There is growing international
awareness of the need for greater transparency in the extractive industries as
a vital first step towards tackling the “Resource Curse”. The Extractive
Industries Transparency Initiative (EITI), a global association of governments,
companies, investors and civil society groups (including Global Witness), has
more than 30 countries implementing its rules (soon to be joined by the United
States), of which 11 are Compliant.
The EITI aims to strengthen
governance by improving transparency in the natural resource sector. Under the
EITI, Compliant countries and companies operating within these Compliant countries
are required to disclose all material payments or revenues paid (in the case of
companies) and received (in the case of countries).
The aim is that through this
reporting, citizens and civil society are able to track that money and holdtheir governments to account for its
management. The EITI approach of
promoting public reportingof revenue flows is being reinforced
by legislation like Section 1504 of the US Dodd-Frank Wall street Reform and
Consumer Protection Act (Dodd-Frank Act) 1, which requires companies to report on tax payments made in
each country.

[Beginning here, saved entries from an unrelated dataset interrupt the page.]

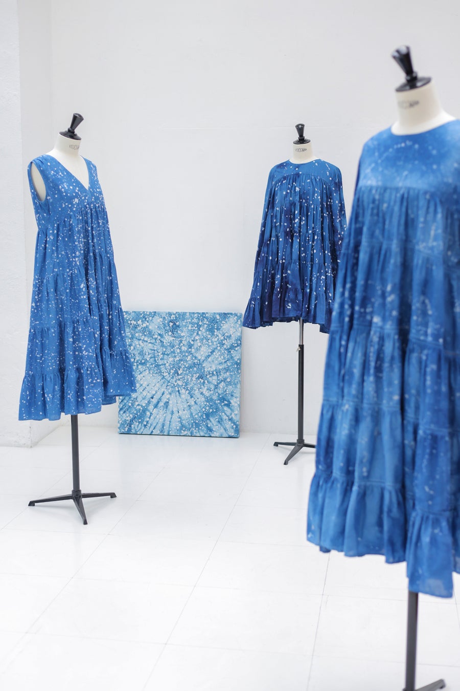 今回のコラボ作品は蜜蝋を溶かして、染まらないように蜜蝋で絵を描いてから染め重ねて、乾いたらまた蜜蝋で描き、染めたり、絞り染めを繰り返して出来上がりました。「藍は生き物」まさにそれを体感できるスペシャルピースばかりでひとつひとつ風合いも様々。宇宙空間のようなスプラッシュデザインは生地から染めまで天然100%のアートとなり、眺めているだけでインスピレーションを与えてくれます。微生物にゆだねること、発酵のコンディションを見ながら染め上げることは日々藍と向き合っている松﨑氏ならではのなせる技です。
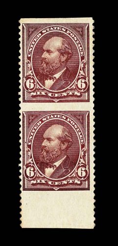 445 og 256a image#256a, 6c Dull brown, vertical pair, imperforate horizontally, an exceptionally choice bottom sheet-margin example of this rare error, possessing centering that is far better than most existing examples, plus it is free of the faults which affect the vast majority, deep luxuriant color, o.g., l.h., very fine; no more than 50 pairs can exist; 1996 PF certificate. (Image) 1,500.00
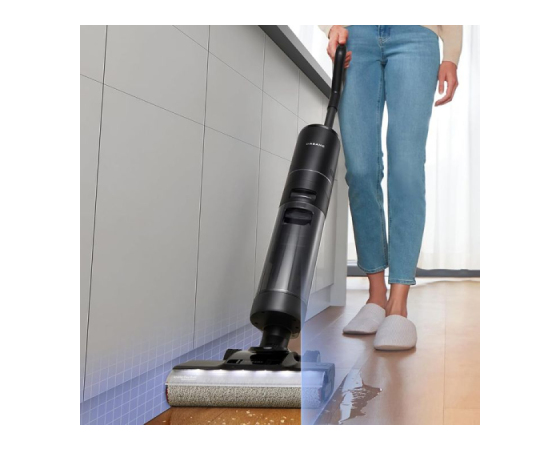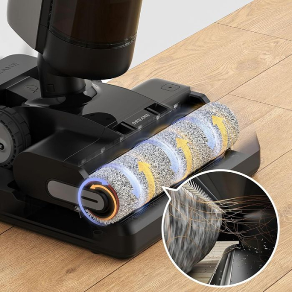Krtača temeljito čisti ob zidnih letvah in celo v ozkih kotih, pri čemer tla popolnoma očisti.
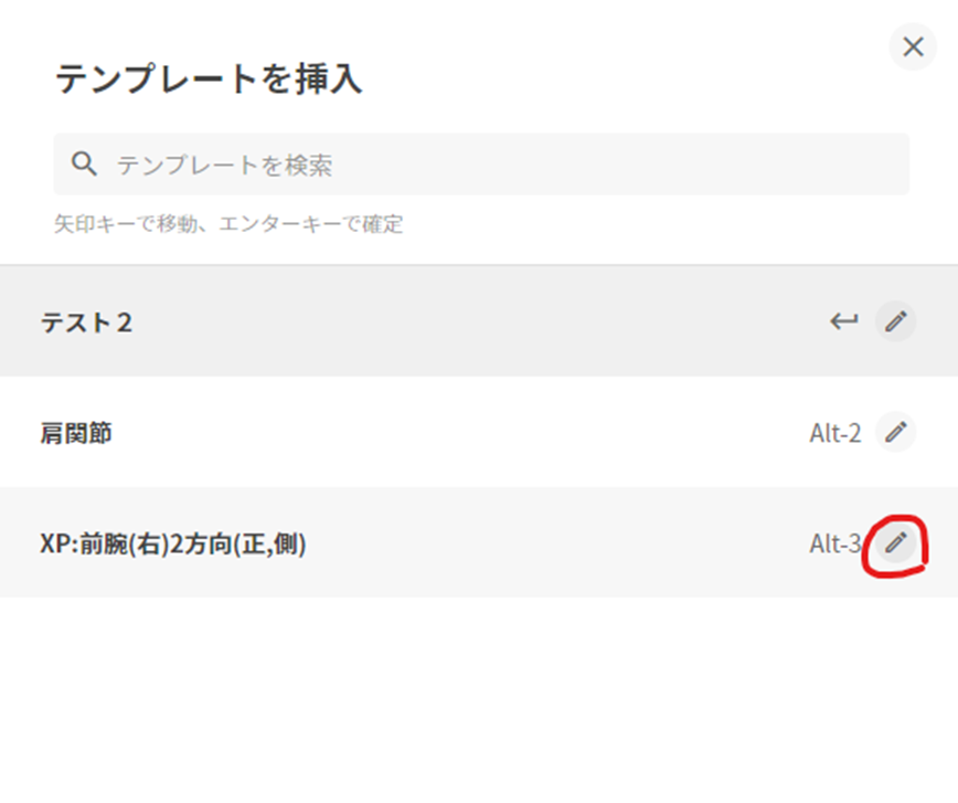 ③編集したいテンプレートの鉛筆マークをクリックし、テンプレート編集画面を開きます。
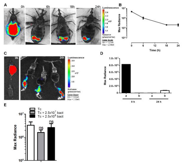 这些数据表明,在我们的实验条件下,肠道微生物群似乎不参与上鞭毛体寄生虫数量的急剧减少。我们研究了使用锥鞭毛体寄生虫(一种被认为更坚固且更能抵抗脊椎动物宿主血液环境的形态,并且对应于自然条件下感染昆虫媒介的阶段)是否可以观察到这种减少。使用在培养物中上鞭毛体和锥鞭毛体均组成型表达荧光素酶(pTREX-Luc整合构建体)的Dm28c品系,我们观察到在两种寄生虫生活史阶段,24小时后发光信号均大幅下降。
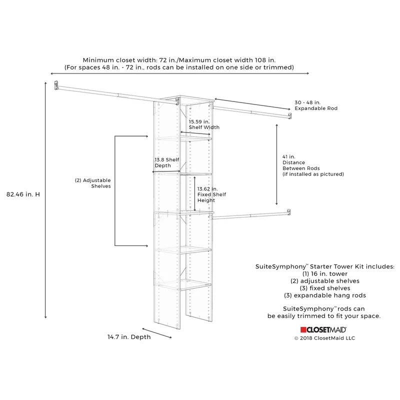 ClosetMaid 1951140 SuiteSymphony 16-Inch Closet Organizer with Shelves. Natural Gray
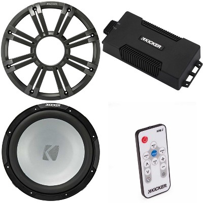 Kicker Marine KPX500.1 Powersports Amp & (2) 12" Free Air 4 Ohm ( Charcoal Grill ) Subwoofer Audio Upgrade
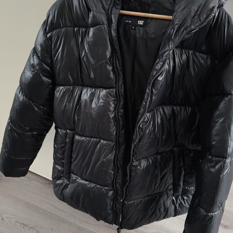 Musta kiiltävä hupullinen toppatakki koko L. Takki on uusi ja sitä on vain sovitettu. Nouto ja maksutapa käteinen
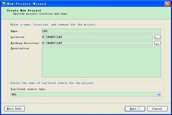 启动ISE14.6,新建LED工程
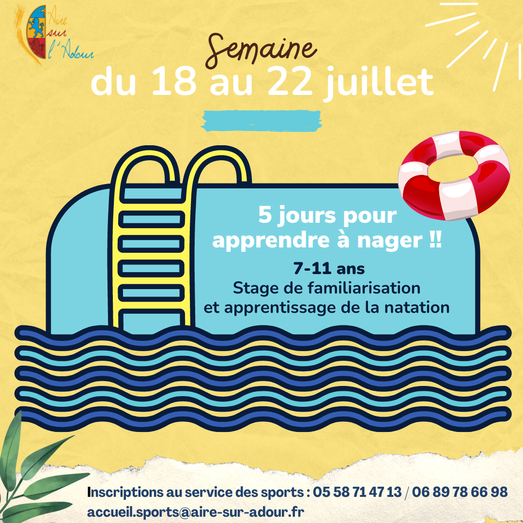 Face à son immense succès, le stage d’apprentissage à la nage sur 5 jours sera à nouveau proposé cet été pour les enfants de 7 à 11 ans. Il sera organisé du 18 au 22 juillet 2022. Le prix est de 100 euros pour 10 leçons de natation. La municipalité prendra en charge le transport en bus aller-retour des enfants jusqu’à la Cité Verte d’Hagetmau ainsi que l’encadrement de la journée par l’école municipale des sports. Le pique-nique du midi est à prévoir.
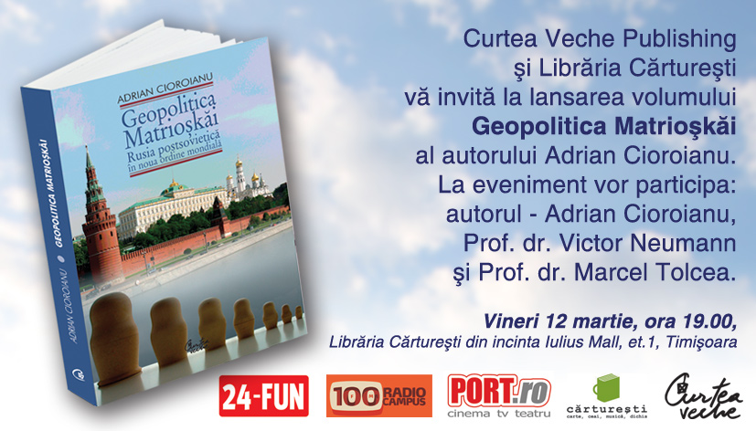 Vineri, 12 martie, la ora 19:00, Curtea Veche Publishing şi Librăria Cărtureşti Timişoara vă invită la lansarea volumului Geopolitica Matrioşkăi, al autorului Adrian Cioroianu. Evenimentul va avea loc la Librăria Cărtureşti, în incinta Iulius Mall, etaj 1, Timişoara, în prezenţa autorului – Adrian Cioroianu, Prof. Dr. Victor Neumann şi Prof. Dr. Marcel Tolcea.
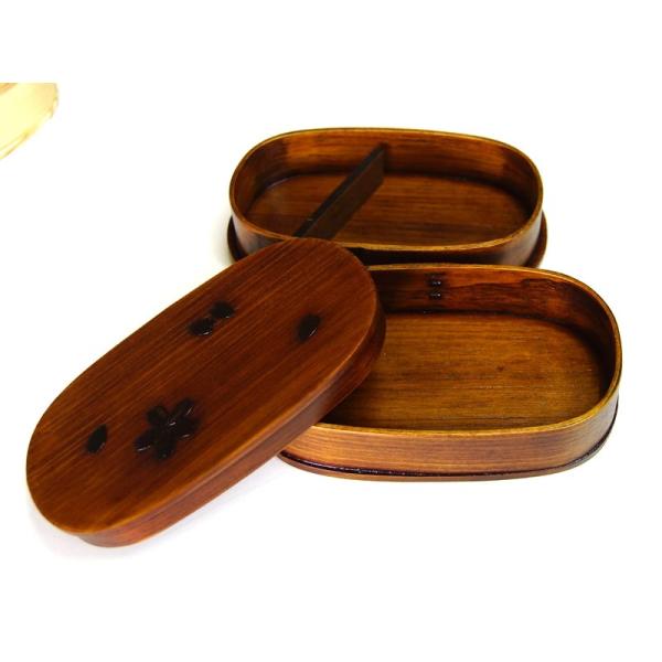 二段 さくら長小判形 お弁当箱 曲げワッパ お弁当箱 すり漆 わっぱ 子供用 小判型 まげわっぱ 漆塗 天然木 おしゃれ かわいい 和食器
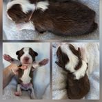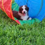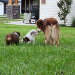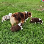 I'm so glad and thankful to find Out of Blue Aussies. Heather made the best possible experience for us in every step, communication, photos, videos. Dogs were growing in an incredible place, with love, care, healthy, training, keeping all the dogs records and behaviors. The result is that my puppy (Johnny) is the cutest sweet boy I've seeing, from the parents excellent DNA to the training and education he had at Out of Blue Aussies. Heather also gone above and beyond making a puppy book with all docs, certificates, information, etc... and supplying a beautiful wood box with dog toys, games, dog food, frisbee, small blanket with the Johnny's mother smell and a beautiful plush dog with a heart bit inside, and more. I strongly recommend Out of Blues Aussies. 10 out of 10.

The European Commission has recently proposed similar rules in
the European Union. These efforts are a welcome and necessary first step
towards ensuring that all oil, gas and mining companies pay what they ought to
and governments manage revenues as they should.
For the first time in some
countries, they have taken information of vital public importance and brought
it out of the shadows of state secrecy, and into the public domain. However, the risk of corruption lies not only
in the flow of revenues from contracts and licenses’, but also right at the
start, when extractive companies are granted access to these licenses’ and
contracts. Too often private ‘shell’ companies with opaque ownership structures
are awarded lucrative concessions, with little information available as to who
the beneficial owners of the company are, how much (if anything) the company
has paid for the license, and what the country has gained in return. If these
companies do not have the technical capacity or financial resources to develop
the asset themselves, they may end up being carried by international and
national operators. Alternatively, they may squat on lucrative concessions by acquiring
them from government before ‘flipping’ them quickly to other investors who
actually have the capacity to develop the license.
It is our view that joint ventures
with such shell companies, while not necessarily breaching anti-corruption laws
such as the US Foreign Corrupt Practices Act (FCPA) 2, could be indirectly sustaining a
system in which resource revenues are being siphoned off by corrupt elites.
Whilst foreign investors may be
fully compliant with the local and international laws, in effect, they are
paying huge fees to elites in order to access the local market. Angola and
Nigeria are archetypal examples of countries
which have been afflicted by the Resource Curse. They are two of the largest
oil producing countries in Africa; exporting between them over four million
barrels of oil per day. 3 Their
citizens, however, remain amongst the poorest in the world, with approximately
70 per cent of Angolans and 80 per cent of Nigerians living on less than two US
dollars a day. 4 This report reveals an alarming
degree of opacity and scope for deviation from due process in what, in both countries,
have been presented to the world as open and competitive oil allocation
processes. As this report shows, the apparent overlap between political and business
elite in the two countries has undermined public confidence in the license
bidding process and created suspicion over its legitimacy. The very existence of
this suspicion, whether or not it is founded, is harmful. Political
institutions and the sustainability of investments into industry are both
endangered, which is counterproductive for development.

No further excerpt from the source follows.